I grew up in Melbourne in the South Eastern suburbs, but both my parents are rural kids so we spent a lot of time in the country as well. I think our country roots gave us very strong family and community foundations and kept us close with nature, when we otherwise could have grown up to be total city slickers.

We travelled a lot as a family from a young age, which was wonderful for opening our eyes to different cultures, experience and horizons. The wanderlust has stayed with me, and my travels have shaped my life more than any of my other experiences. There is nothing quite like seeing how other people live to make you appreciate your own life, but also evaluate and re-assess it.

Where did you go to High School and how was that experience for you?

I started at Shelford Anglican Girls School – a very small private school in Caulfield near our family home. It was such a lovely school and such a tight knit community, which provided wonderful support through the early years of high school. It was very well resourced which also meant there were so many opportunities for extra curricular activities, and there was a strong emphasis on sport and the arts too, which was great.

I then moved into the public system with a much stronger academic focus after I got into Mac.Robertson Girls High School – a selective academic entry school. I don’t think I could have made a bigger jump but I am so grateful to have had two very different school experiences, as I think they both taught me very different things. I had a terrible time adjusting at the beginning, wanting to retreat back to the comfort zone of a school where everyone knew everyone. But once I settled in, I absolutely thrived and it allowed me to extend my learning so much by being in a more academically rigorous environment.

This is what pushed me to get the scores I needed for law, which I probably wouldn’t have done beforehand.

Did your high school play an important role in helping you choose your further education and future career?

Definitely. I had no idea my future career would be what it is now, but it definitely helped me get started on that journey. It helped shape my goals for university and take the steps to get into law, which was the best launching pad I could have had. I wouldn’t have been so academically focused without being totally surrounded by it at Mac.Rob. The school sets a very high bar, and dedicates everything to helping you reach it.

My school experience wasn’t for everybody. You can sometimes get a bit of tunnel vision, thinking that the academic path is everything, but that’s the same of most high school students – you simply don’t appreciate the broadness of your options when you start your working life. Even years after I became a lawyer, I still didn’t quite realise what else was out there. I believe that school set me up so well to start my working life, but the way my career has unravelled since then has been totally different, and the result of many other factors too.
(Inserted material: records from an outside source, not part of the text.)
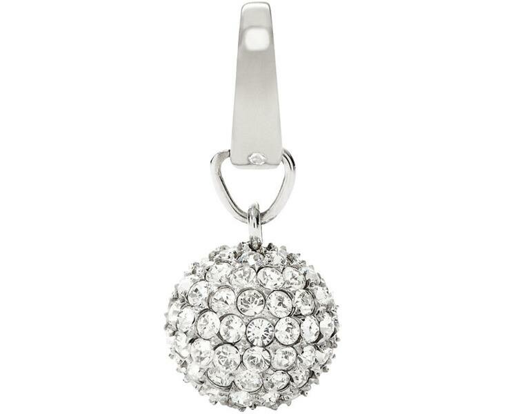 Dámsky, oceľový prívesok na náramok v striebornej farbe v tvare guličky.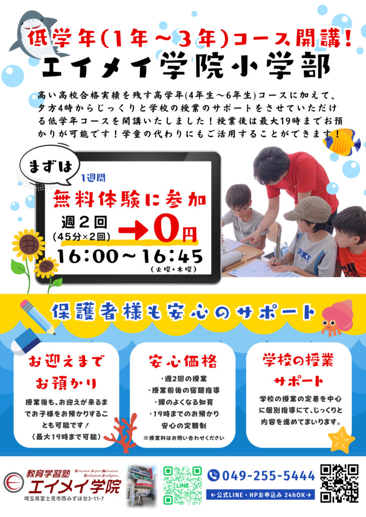【みずほ台ミヤ】小学校低学年(小1~小3)コース開設! 投稿日 2024年5月23日 著者 宮永 裕介 カテゴリー エイメイ学院みずほ台校舎ブログ カテゴリー 宮永裕介|エイメイ学院みずほ台塾長 現在エイメイ学院みずほ台校舎では、 小学3年生から小学6年生までの14人の生徒たちが一生懸命に授業に参加してくれています! もっと早くからエイメイに預けたい、学童の代わりに勉強の面倒も見て欲しい! など多くの要望が寄せられましたので、 小学校低学年(小1~小3)コースを 6月よりスタートいたします! 通常の小学部のコースも選択できますので、ぜひ一度お話を聞きに来てください! シェア ツイート LINE この記事を書いた人 宮永 裕介 記事一覧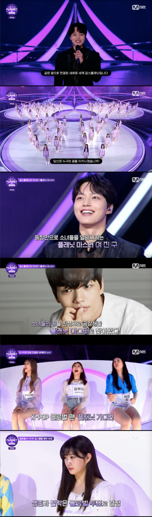 플래닛 마스터 여진구는 “언어도 문화도 다른 99명의 소녀들이 같은 꿈으로 연결된 새로운 세계 걸스플래닛입니다. 걸스플래닛의 언어는 단 하나, K-POP입니다. 케이팝으로 소통하며 글로벌 걸그룹이라는 목표를 향하는 소녀들, 이제 여러분은 이 소녀들이 연결되고 조합되며 성장하는 3개월의 여정을 지켜보게 될 거다."라고 말했다.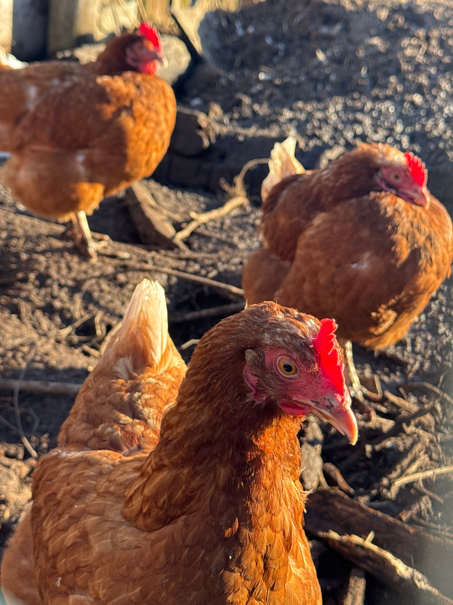 Three reddish-brown chickens are observed outdoors in the vicinity of organic material that appears to include wood and dirt. The closest chicken is in clear focus, while the other two chickens are sl…read more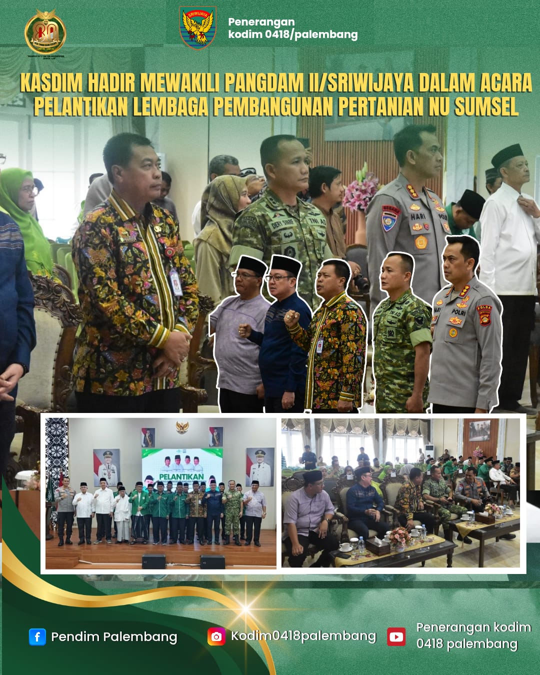 Kehadiran Kasdim 0418/Palembang tersebut sekaligus mewakili Pangdam II/Sriwijaya dalam acara pelantikan pengurus LPP NU Sumsel yang berlangsung khidmat. Kegiatan ini turut dihadiri unsur Forkopimda Provinsi Sumsel, diantaranya Kapolda Sumsel yang diwakili Dirbinmas Kombes Hari Purnomo, S.Ik, S.H., M.Han, tokoh agama, serta pengurus PWNU Sumatera Selatan.

Yoga and meditation are a big part of life.

Yoga and meditation are a big part of life.

Did you complete any internships or work experience placements in high school? Tell us about that experience.
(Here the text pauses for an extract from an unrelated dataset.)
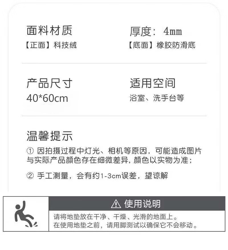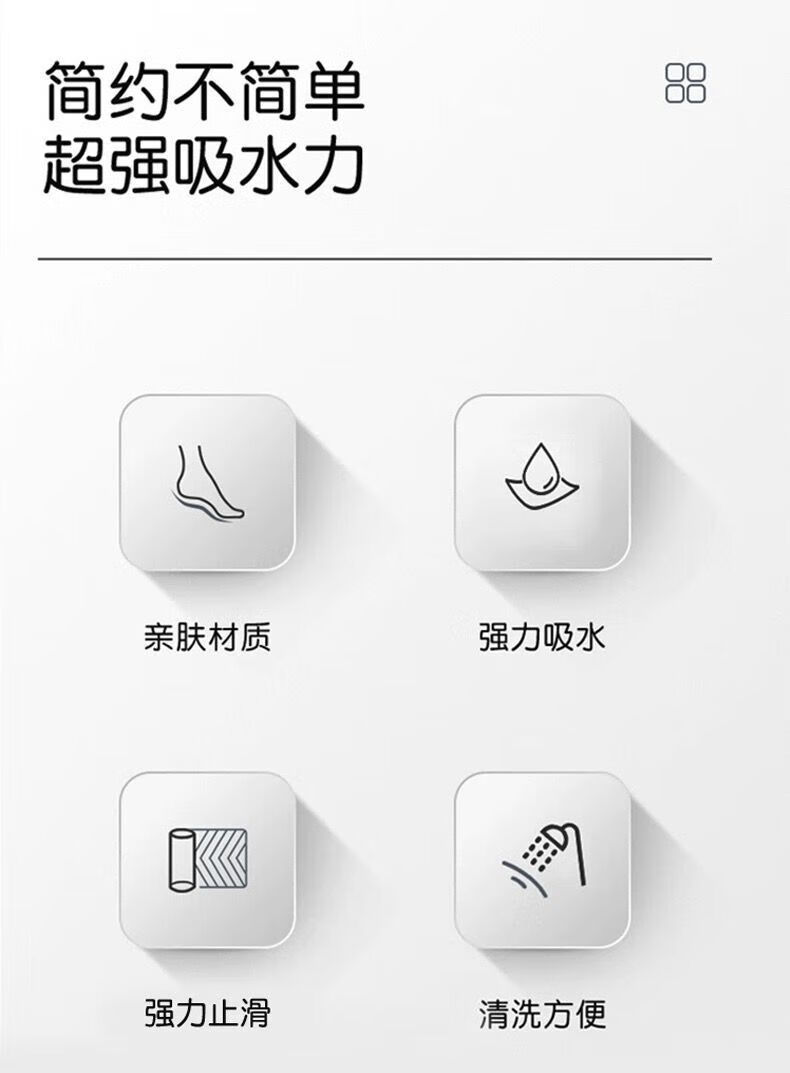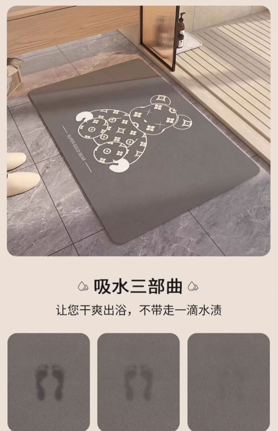 艾杰普浴室地垫卫生间防滑垫速干吸水地垫门口脚垫卫浴家用垫子40x60cm

Yes, I was always very involved in lots of different things. Once I realised I wanted to do law, I did lots of work experience with lawyers during school holidays to get a better insight into the industry. Internships were probably more during university years rather than high school though, just because of the time constraints of school life. My way of getting balance during school was more to participate actively in extracurricular activities to keep a broad skill-set. I did music, sport, dance, two language exchanges, leadership, mentoring etc.

Did you go to College, University, Tafe or another equivalent? Take us through the courses that you studied and why you chose them?

Yes, I went to Monash University and completed Law/Arts (languages). I did Law because I wasn’t really sure what I wanted to do but I knew Law would be broadly useful even if I didn’t end up as a lawyer. I knew it would teach me a lot about the world and business and it’s relevant in every country to every person, so I thought it would be a good start. My creative side needed some attention though so I did Arts as well to continue my languages and travel – I did French, Chinese and Japanese at uni and did about four overseas exchanges. It was a great balance doing a double degree to keep different parts of your brain going.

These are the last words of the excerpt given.